ACTIVITY
Produce a word-for-word copy of the listing below without its pictures.

SOURCE RECORDS
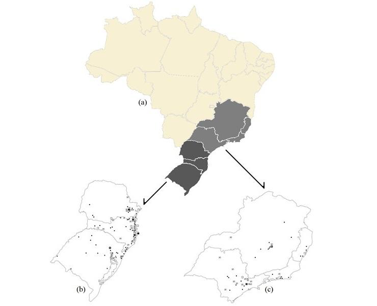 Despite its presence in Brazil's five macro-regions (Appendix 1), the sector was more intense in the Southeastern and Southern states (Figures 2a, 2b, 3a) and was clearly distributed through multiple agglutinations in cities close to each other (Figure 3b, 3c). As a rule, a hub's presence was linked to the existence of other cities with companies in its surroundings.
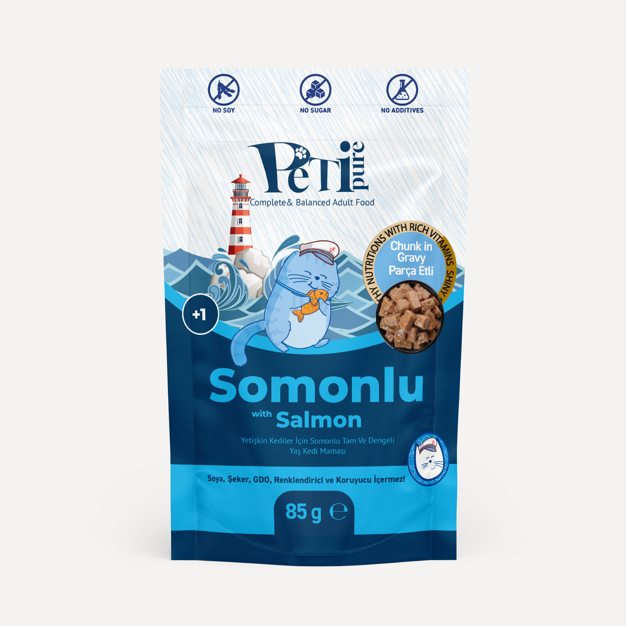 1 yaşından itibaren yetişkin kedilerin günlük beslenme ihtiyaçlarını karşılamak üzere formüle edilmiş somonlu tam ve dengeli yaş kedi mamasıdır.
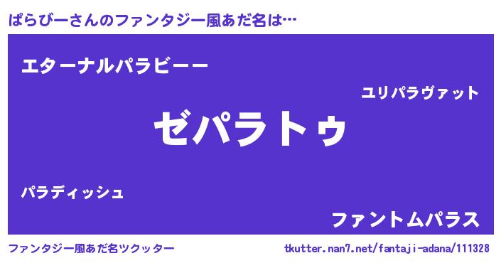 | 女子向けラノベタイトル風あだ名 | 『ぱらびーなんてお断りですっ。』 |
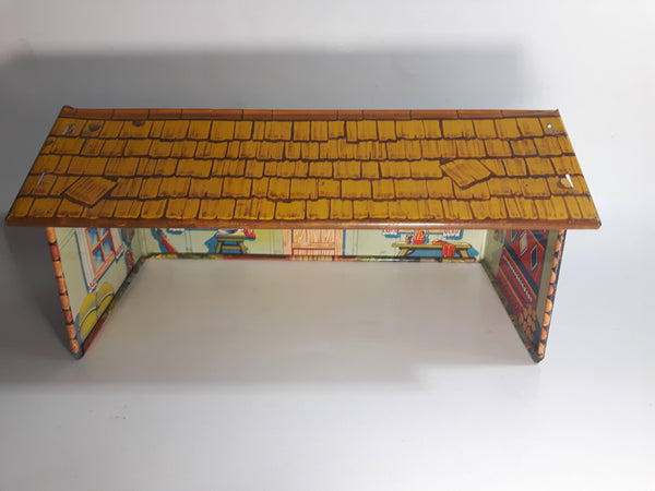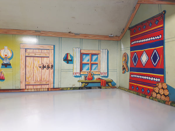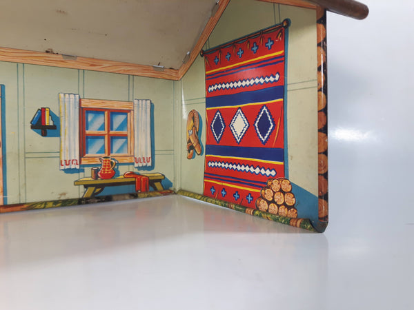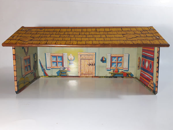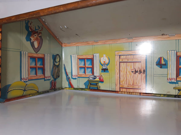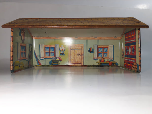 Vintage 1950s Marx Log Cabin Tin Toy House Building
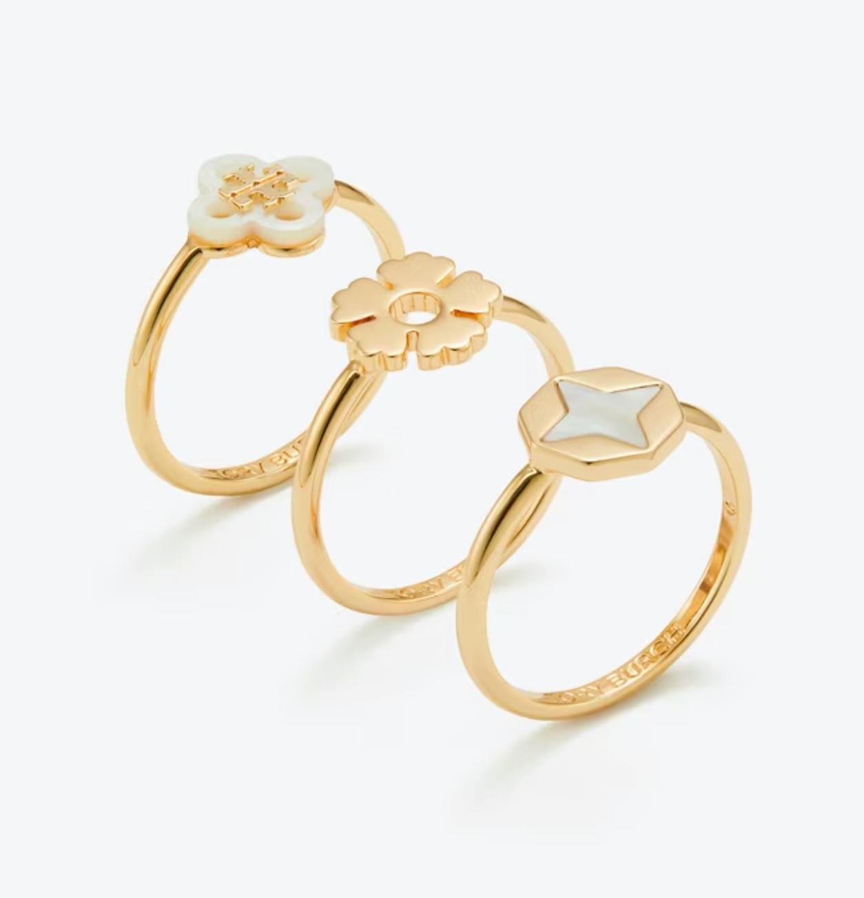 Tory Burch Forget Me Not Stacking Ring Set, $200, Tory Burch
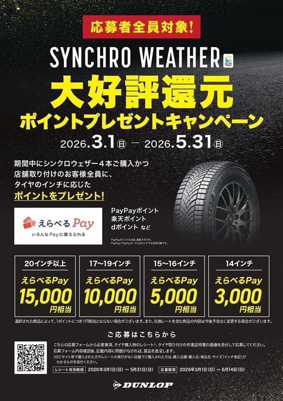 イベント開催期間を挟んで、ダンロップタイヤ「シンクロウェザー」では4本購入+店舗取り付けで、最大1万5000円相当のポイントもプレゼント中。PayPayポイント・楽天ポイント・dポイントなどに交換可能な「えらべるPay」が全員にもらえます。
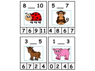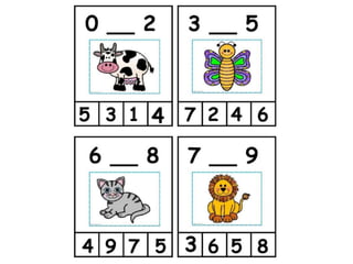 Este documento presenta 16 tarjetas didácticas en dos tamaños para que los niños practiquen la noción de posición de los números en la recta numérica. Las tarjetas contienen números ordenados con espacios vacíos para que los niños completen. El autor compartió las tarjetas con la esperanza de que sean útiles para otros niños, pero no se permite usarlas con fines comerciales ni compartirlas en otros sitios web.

EXERCISE OUTPUT
 Despite its presence in Brazil's five macro-regions (Appendix 1), the sector was more intense in the Southeastern and Southern states (Figures 2a, 2b, 3a) and was clearly distributed through multiple agglutinations in cities close to each other (Figure 3b, 3c). As a rule, a hub's presence was linked to the existence of other cities with companies in its surroundings.
 1 yaşından itibaren yetişkin kedilerin günlük beslenme ihtiyaçlarını karşılamak üzere formüle edilmiş somonlu tam ve dengeli yaş kedi mamasıdır.
 | 女子向けラノベタイトル風あだ名 | 『ぱらびーなんてお断りですっ。』 |
 Vintage 1950s Marx Log Cabin Tin Toy House Building
 Tory Burch Forget Me Not Stacking Ring Set, $200, Tory Burch
 イベント開催期間を挟んで、ダンロップタイヤ「シンクロウェザー」では4本購入+店舗取り付けで、最大1万5000円相当のポイントもプレゼント中。PayPayポイント・楽天ポイント・dポイントなどに交換可能な「えらべるPay」が全員にもらえます。
 Este documento presenta 16 tarjetas didácticas en dos tamaños para que los niños practiquen la noción de posición de los números en la recta numérica. Las tarjetas contienen números ordenados con espacios vacíos para que los niños completen. El autor compartió las tarjetas con la esperanza de que sean útiles para otros niños, pero no se permite usarlas con fines comerciales ni compartirlas en otros sitios web.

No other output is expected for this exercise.